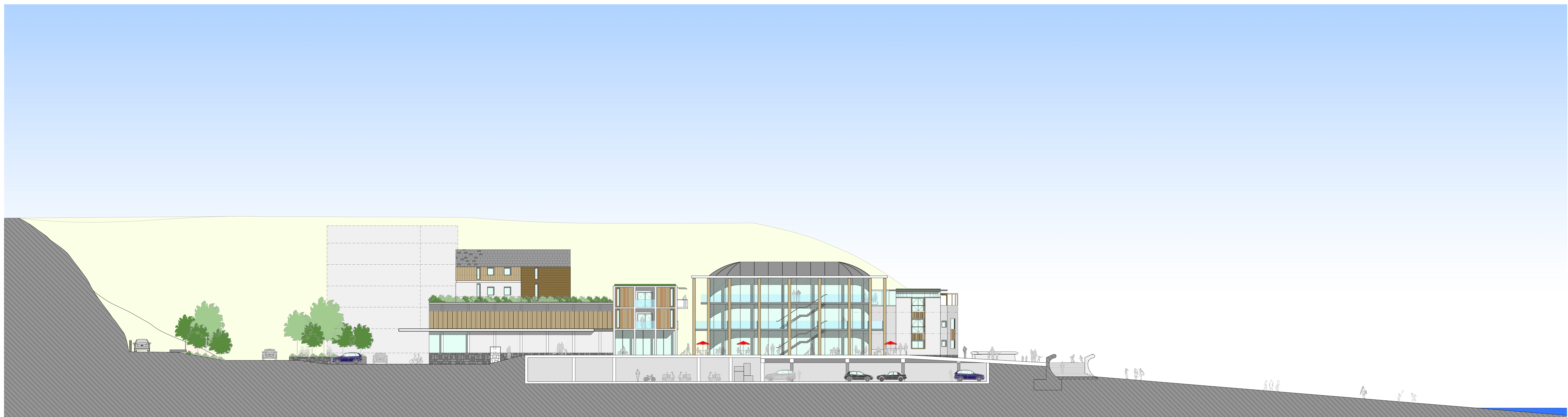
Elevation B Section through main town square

|---|

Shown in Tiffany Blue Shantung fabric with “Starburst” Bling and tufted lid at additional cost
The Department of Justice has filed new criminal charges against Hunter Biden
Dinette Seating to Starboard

|---|

Find the line with "The Department of" in the material above. Reproduce it and each line after it up to and including the line with "Dinette Seating to Starboard".

The Department of Justice has filed new criminal charges against Hunter Biden
Dinette Seating to Starboard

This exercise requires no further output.